Отец вздыхает и не смотрит мне в глаза.
— Так надо.
— Нет!
— Один раз, Ксана. Клянусь. Тебе больше не придется повторять это. Просто сейчас нужно снять следы и твои показания. В суде не будет допросов. Клянусь… Тебе не придется снова и снова вспоминать эту ночь. Даю слово… Но сейчас…
Отец продолжает смотреть куда-то в бок.
— Суд?!
Меня будто воздушной волной отбрасывает назад.
— Какой еще суд, папа?
— За совершенное злодеяние, разумеется. Насильник должен ответить перед законом.
— Нет… Нет… Боже, нет. Я ничего не скажу! Никуда заявления писать не стану.
— Ксана! Уже и так ясно…
— Нет! Нет, папа. Неясно. Все не…
Как мне мучительно стыдно и неловко…
До меня только сейчас дошло, в чем отец хочет обвинить Ансара.

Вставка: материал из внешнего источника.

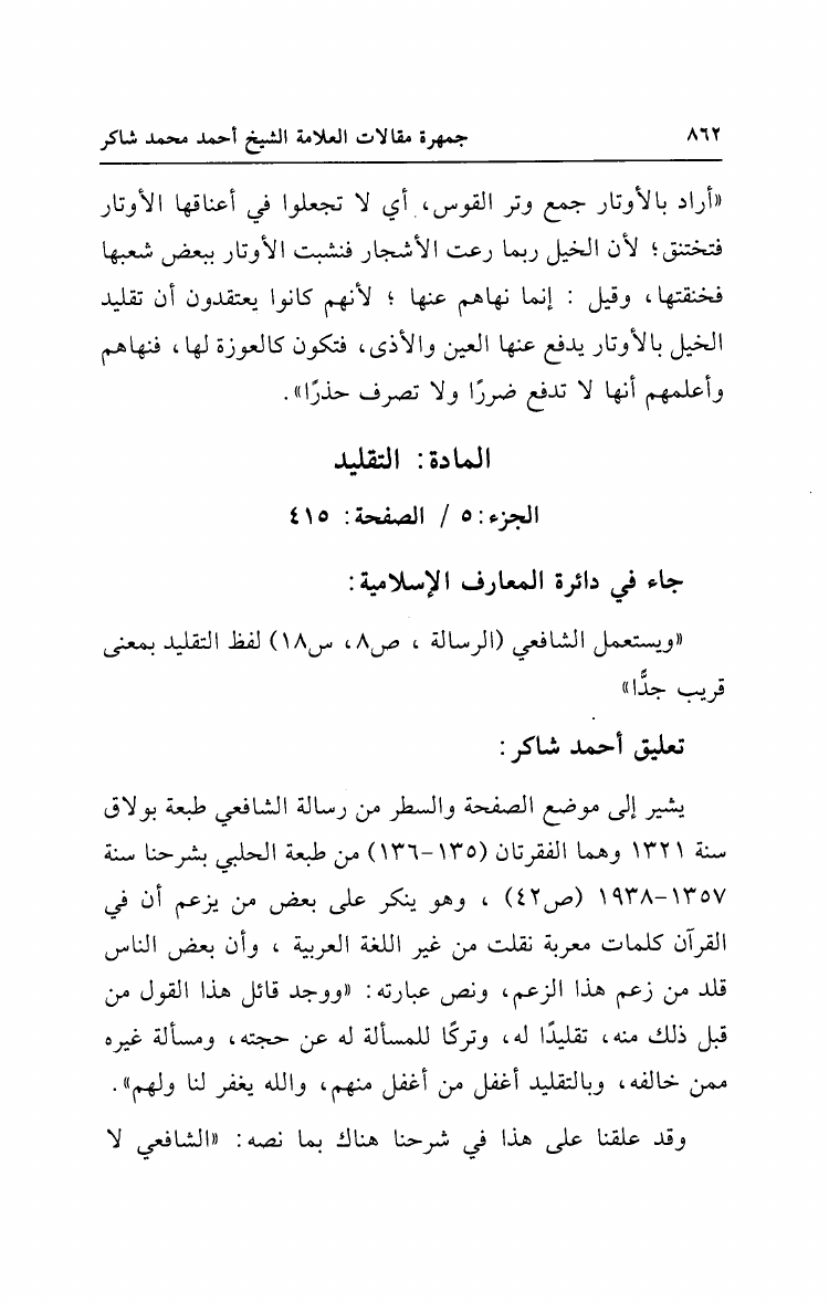 نام کتاب : جمهرة مقالات العلامة الشيخ أحمد محمد شاكر مع أهم تعقبات الشيخ على دائرة المعارف الإسلامية نویسنده : أحمد محمد شاكر أبو الأشبال جلد : 1 صفحه : 862

Ансар, конечно, мудак! Достоин наказания, но… только не такого.
— Папа, пусть эти люди выйдут, пожалуйста. Хватит меня разглядывать… Нам нужно поговорить наедине! — судорожным жестом натягиваю толстовку поверх короткого топа.
— Оставьте нас.
Жду, пока за последним сотрудником закроется дверь.

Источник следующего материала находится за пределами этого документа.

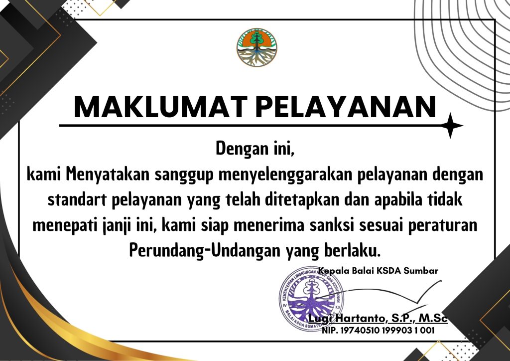 Link PDF Silahkan di Download : http://bksdasumbar.org/wp-content/uploads/2025/10/Standar-Pelayanan-Perizinan-BKSDA-Sumbar.pdf

Молчим… Редкие шорохи и звуки дыхания в полной тишине раздаются оглушающе громко.
— Я не буду давать показания об изнасиловании, если ты хотел представить все именно так.
Отец мучительно выдыхает:
— А как еще?
— Не совсем так. Мы… У нас это давно…
— Вы давно спите?! — взвился отец. — Давно спите вместе? А сегодня он решил… Я не знаю…
— Нет. Боже, нет… Это было впервые. Переспали. Но…
Я чувствую себя ужасно жалкой, грязной и совсем никчемной.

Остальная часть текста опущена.